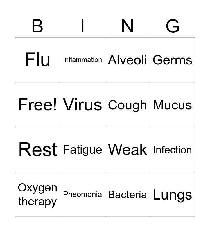 This bingo card has 16 words: Pneomonia, Infection, Alveoli, Flu, Rest, Inflammation, Weak, Bacteria, Free!, Virus, Oxygen therapy, Germs, Fatigue, Mucus, Cough and Lungs.
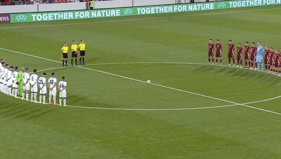 16.36 - У односу на меч са Енглеском, у стартној постави нема Мимовића, Гудеља, повређеног Ивана Илића, Терзића и Влаховића, а "нова" петорка је Ераковић у одбрани, Грујић као задњи везни, затим од старта "везисти" Самарџић и Радоњић који су против Енглеза ушли као замене, док је у нападу Влаховића од почетка одменио Лука Јовић. И, уместо тадашњих 4-5-1, овога пута Србија у формацији 4-2-3-1
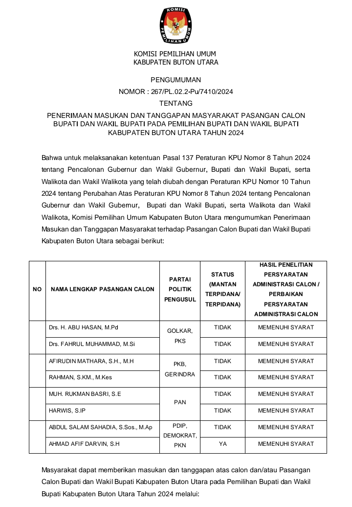 Buranga, Jaringansultra.com- Komisi Pemilihan Umum (KPU) Kabupaten Buton Utara (Butur) membuka ruang bagi masyatakat untuk memberikan masukan dan tanggapan pasangan calon bupati dan waki bupati Buton Utara Pilkada tahun 2024.
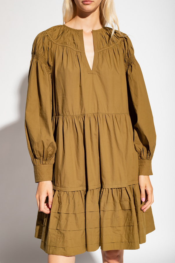 Khaki ‘Rosa’ dress from Ulla Johnson. Crafted from cotton, this loose-fitting V-neck design features long puff sleeves with buttoned cuffs, gathers, ruffles and two slip pockets.
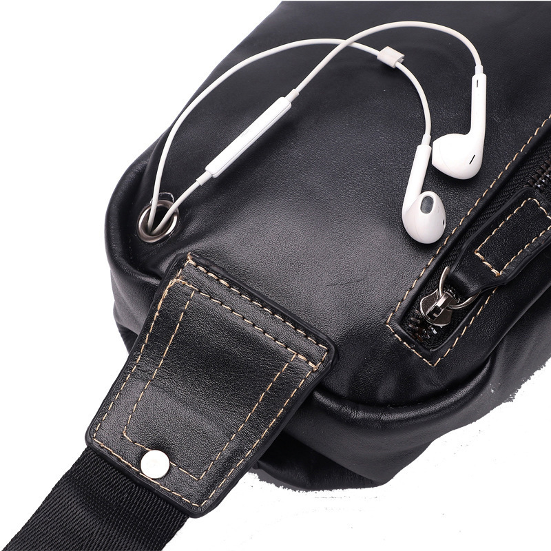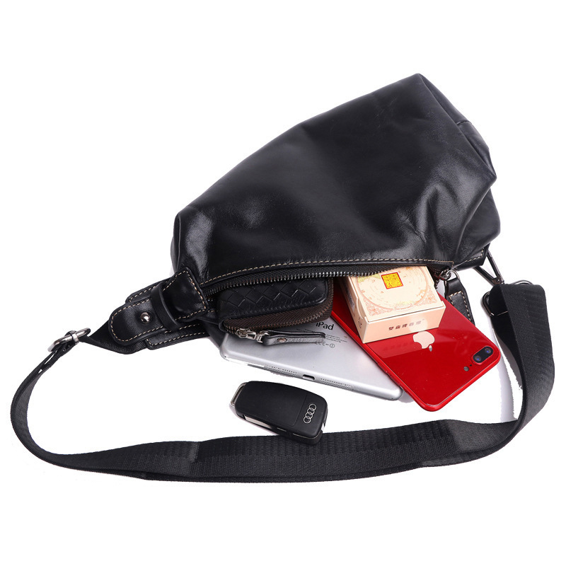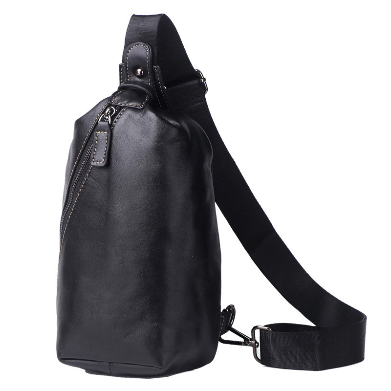 Genuine Leather Men's Shoulder Bag Chest Bag Fashion Top Layer Cowhide Chest Bag Casual Cylindrical Hanging Bag Waist Bag Outdoor Sports
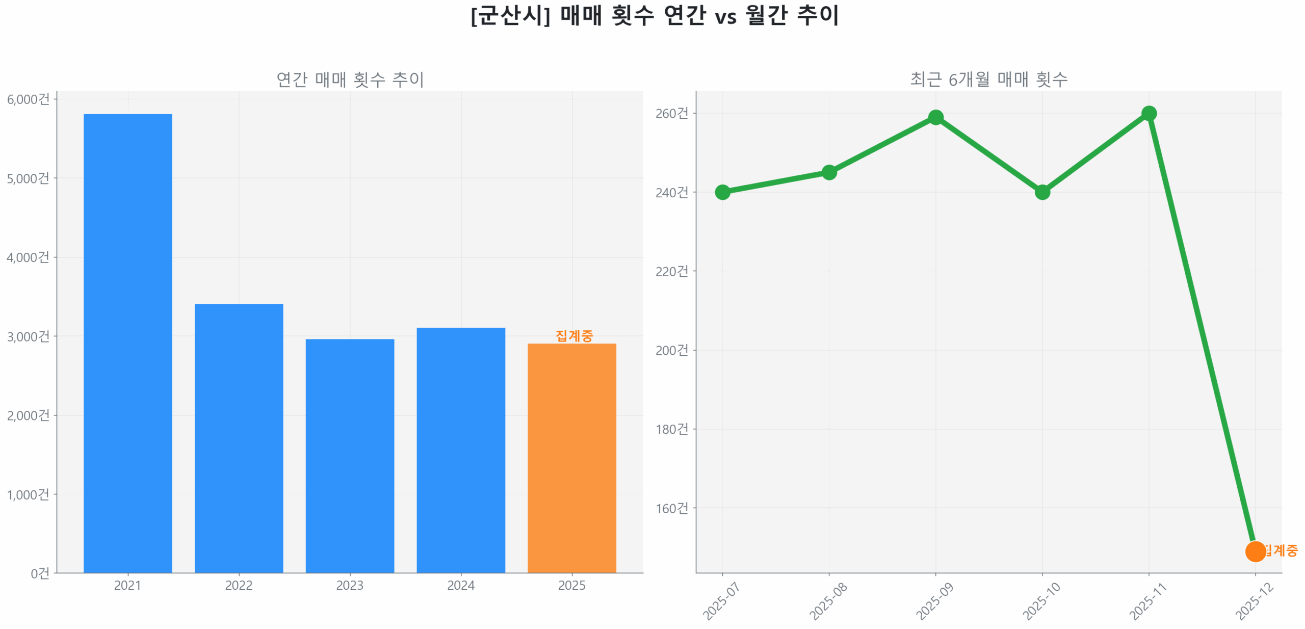 데이터가 증명하듯 군산 시장은 산업 호재와 신축 선호가 이끄는 회복세와, 규제 및 인프라 지연이 유발한 구축의 침체가 극명하게 엇갈리고 있습니다. 결국 대체 불가능한 입지를 증명해내는 단지만이 진정한 가치 회복의 기회를 잡게 될 것입니다.
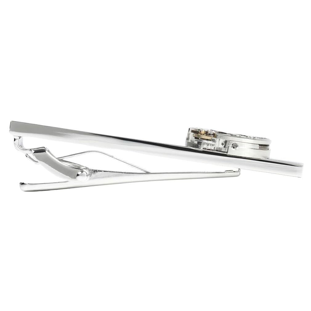 時計のムーブメントを使用したネクタイピン。男性らしいクールなデザインで、日常使いから装いに華やかさをプラスしたいときなど幅広くご使用いただけます。

· · · · ·

* [PROBLEM DETAILS]
Full transcription of the material, exact in every line, without images.

* [RESPONSE AREA]
 This bingo card has 16 words: Pneomonia, Infection, Alveoli, Flu, Rest, Inflammation, Weak, Bacteria, Free!, Virus, Oxygen therapy, Germs, Fatigue, Mucus, Cough and Lungs.
 16.36 - У односу на меч са Енглеском, у стартној постави нема Мимовића, Гудеља, повређеног Ивана Илића, Терзића и Влаховића, а "нова" петорка је Ераковић у одбрани, Грујић као задњи везни, затим од старта "везисти" Самарџић и Радоњић који су против Енглеза ушли као замене, док је у нападу Влаховића од почетка одменио Лука Јовић. И, уместо тадашњих 4-5-1, овога пута Србија у формацији 4-2-3-1
 Buranga, Jaringansultra.com- Komisi Pemilihan Umum (KPU) Kabupaten Buton Utara (Butur) membuka ruang bagi masyatakat untuk memberikan masukan dan tanggapan pasangan calon bupati dan waki bupati Buton Utara Pilkada tahun 2024.
 Khaki ‘Rosa’ dress from Ulla Johnson. Crafted from cotton, this loose-fitting V-neck design features long puff sleeves with buttoned cuffs, gathers, ruffles and two slip pockets.
 Genuine Leather Men's Shoulder Bag Chest Bag Fashion Top Layer Cowhide Chest Bag Casual Cylindrical Hanging Bag Waist Bag Outdoor Sports
 데이터가 증명하듯 군산 시장은 산업 호재와 신축 선호가 이끄는 회복세와, 규제 및 인프라 지연이 유발한 구축의 침체가 극명하게 엇갈리고 있습니다. 결국 대체 불가능한 입지를 증명해내는 단지만이 진정한 가치 회복의 기회를 잡게 될 것입니다.
 時計のムーブメントを使用したネクタイピン。男性らしいクールなデザインで、日常使いから装いに華やかさをプラスしたいときなど幅広くご使用いただけます。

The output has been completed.